Então V.Exª. acha-se no direito de dizer que o Ministro da Agricultura pratica uma ?política de calote?, e o sr. Ministro não tem o direito de falar nos seus ?calotes políticos??

Para este seu caso, nada melhor que a sabedoria popular: ?Quem não tem cu, não se mete a paneleiro?

Percebeu?

Cumprimentos

domingo, 16 de Março de 2008 1:07 by RaioX

# re: O Rei e o caudilho

Alguém que me explique porque é que o Governo recebe como um herói, um ditador como o Fidel ou o Chavez, mas que se recusa receber o Dalai Lama.

Obrigado e um abraço,

RX

sábado, 12 de Abril de 2008 16:24 by mariahenriques

# re: O Rei e o caudilho

Em relaçao ao Fidel , nao achei mal que fosse tratado com consideraçao e respeito pelo Governo Portugues.Tratava-se de um Chefe de Estado portanto se por ca andava, honras lhe eram devidas.Alias uma das coisas que eu aprecio na nossa cultura e a boa educaçao.
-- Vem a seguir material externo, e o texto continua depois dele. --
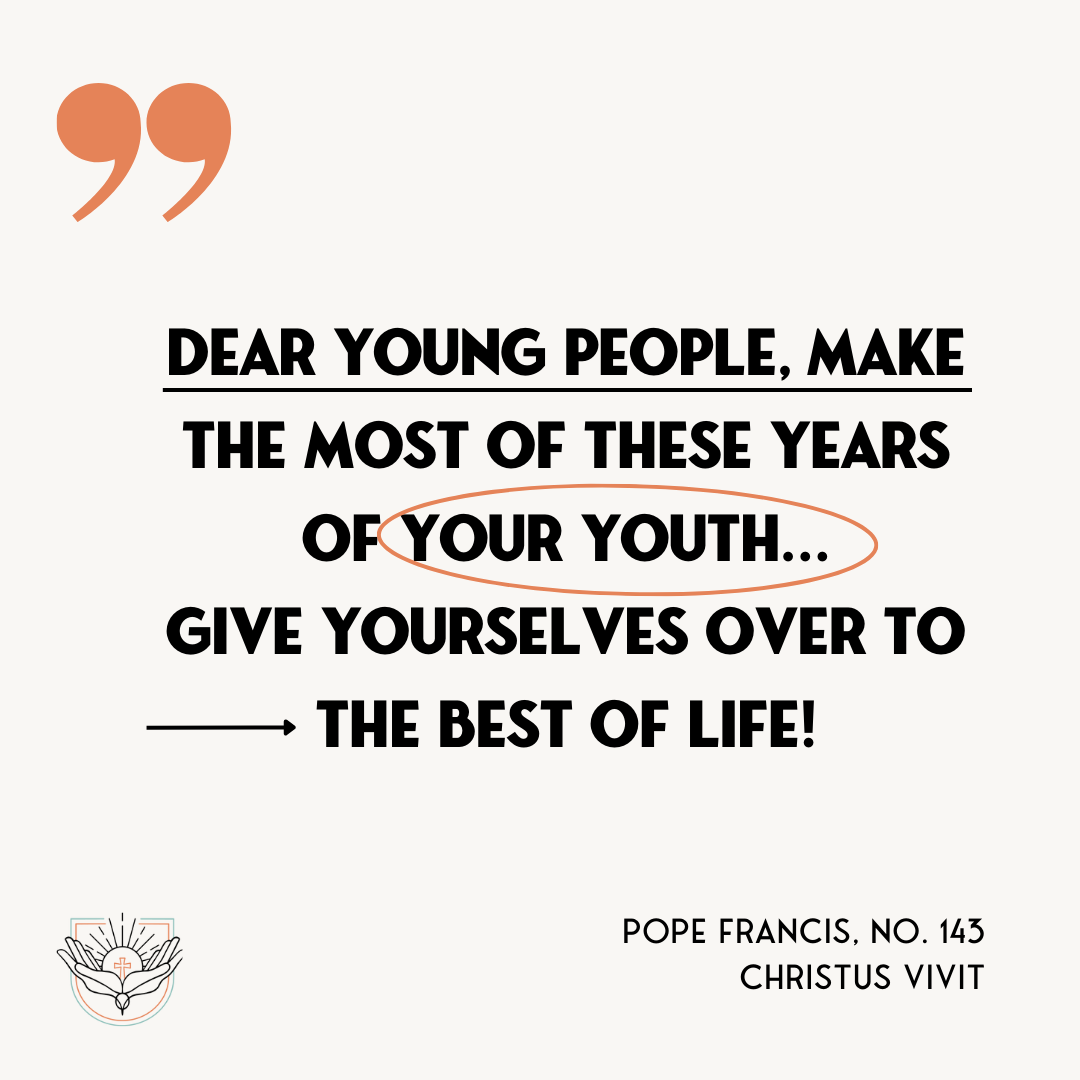 Dove: The open hands also resemble the shape of a dove. A descending dove is a common symbol of the Holy Spirit, as we learn in the Gospel of Matthew, that as Jesus was baptized, “the heavens were opened, and he saw the Spirit of God descending like a dove coming upon him” (Matthew 3:16). The Holy Spirit gathers young adults together in the Church and leads them on a mission, to become sent forth as missionary disciples. "Christ draws near to young people in order to listen to them, teach them, and send them forth, filled with the Holy Spirit to” (USCCB, Listen, Teach, Send) In this way, they can become, “protagonists of the revolution of charity and service.” (Francis, Christus Vivit, no. 174)

O governo mostrou ser bem educado.

Quanto a Espanha e ao rei.Pois .

Eu nao sou nem quero ser espanhola e nem tenho particular admiraçao por seu rei.

Nao e por ca ter vivido que me sera mais simpatico do que outro turista residente mais ou menos famoso.Simpatia por ter mandado calar o Chavez? Porque?

Para conquistar o verdadeiro respeito e preciso mais do que isso.

sexta-feira, 4 de Julho de 2008 8:12 by STOP

# re: O Rei e o caudilho

Precisamos urgentemente de alguém que sem lirismo nem vaidades parolas ARREGACE AS MANGAS, fale A VERDADE, seja RESPONSÁVEL e RESPONSABILIZE, e que ponha TODOS a TRABALHAR com ENTUSIASMO e o mesmo sentido de RESPONSABILIDADE. Se necessário, que chame primeiro as pessoas à rua, a porta está aberta.